Hi @kshrikant7, thanks for reaching out! The supported syntax in the DABs templates is the same as that for Go text templates: https://pkg.go.dev/text/template

In these templates, you refer to variable values by having a . prefix. For any fields that you define in your databricks_template_schema.json file, the reference would look something like: {{ .project_name }}. In the example you shared, {{ .project_name }} is the only key in the databricks_template_schema.json file so only that can be interpolated.

You can refer to templates here as a reference for how the syntax works: https://github.com/databricks/cli/tree/main/libs/template/templates

Could you please share why you are trying to interpolate {{ tasks.A_task_key.values.B_task_key }}? I'm not sure the databricks bundle init` command is the right one for your usecase.

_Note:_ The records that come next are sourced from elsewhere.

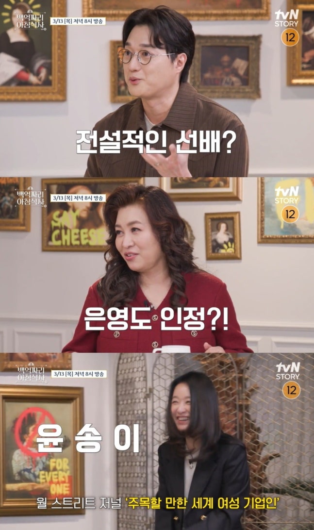 오늘(13일) 방송되는 '백억짜리 아침식사' 4회에서는 미국 내 한국인 중 최연소 박사 학위 취득, 28세 대기업 임원 발탁 등 세계 1%의 엘리트 윤송이 대표의 성공 비밀을 알아본다. 예능 프로그램 첫 출연인 윤 대표는 미국에서의 일상을 최초 공개할 예정. 그뿐만 아니라 이날은 밴드 페퍼톤스의 멤버이자 윤 대표의 카이스트 후배인 이장원이 특별 출연, '연예계 대표 뇌섹남'의 존재감을 예고해 기대감을 더한다.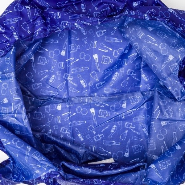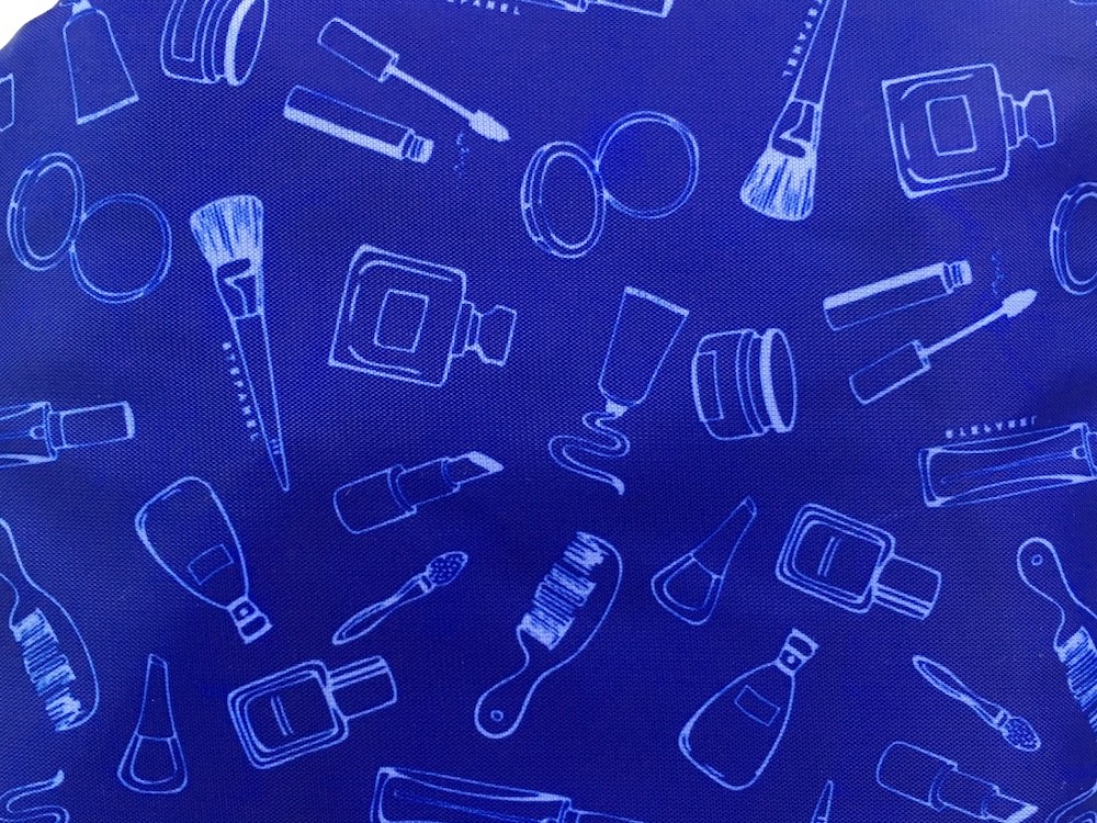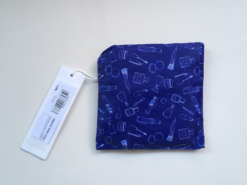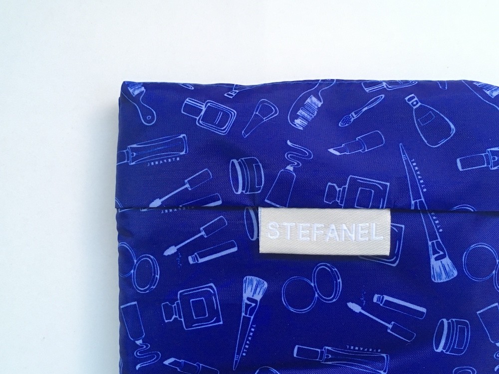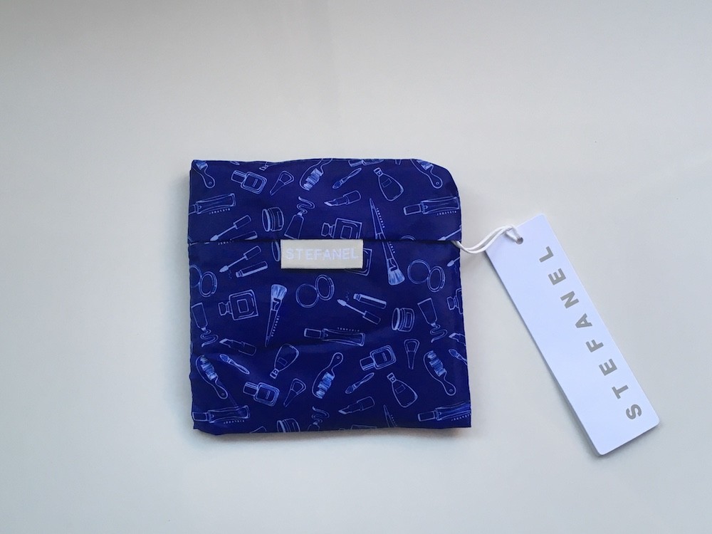 부피가 크지 않아서 가방 속에 쏙 넣고 다니다가 필요한 순간에 꺼내서 사용할 수 있고, 합성 소재로 무게가 아주 가벼워서 실용성이 좋아요. 원단에 그려진 화장품 그림과 그 옆에 깨알같이 씌여진 STEFANEL 글씨도 참 귀엽고요.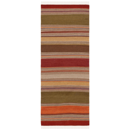 From California to Santa Fe, the rustic-chic look assumes a southwestern vibe with intricate warm, multi-colored stripes and a kilim flat weave reminiscent of traditional rugs.Woven of pure wool, this collection complements any room looking for a fresh update. Rug has an approximate thickness of 0.25 inches.

shreyas-goenka avatar Nov 25 '24 21:11 shreyas-goenka

@shreyas-goenka

I have defined variables other then project_name in databricks_template_schema.json something like below

{
  "properties": {
    "bundle_name": {
      "type": "string",
      "default": "ABC",
      "description": "Bundle name",
      "order": 1
    },
    "project_name": {
      "type": "string",
      "default": "XYZ",
      "description": "Project name",
      "order": 2
    },
     "company_code": {
      "type": "string",
      "default": "ABC",
      "description": "Company Name Code",
      "order": 10
    },
    "workflow_dev_env": {
      "type": "string",
      "default": "DEV",
      "description": "Workflow environment DEV/PRD",
      "order": 10
    }
}

And I am passing the values to databricks.yml like below

variables:
     company_code:
        default: {{.company_code}}

    workflow_dev_env:
      default: {{.workflow_dev_env}}

And these values are accessed in actual workflows as we access variables

${var.variable_name}

I am able to access all the other variables in the above mentioned methods, but the issue raises only when the value contains "{{tasks.A_task_key.values.B_task_key}}" or "{{job.parameters.ABC_parameter}}"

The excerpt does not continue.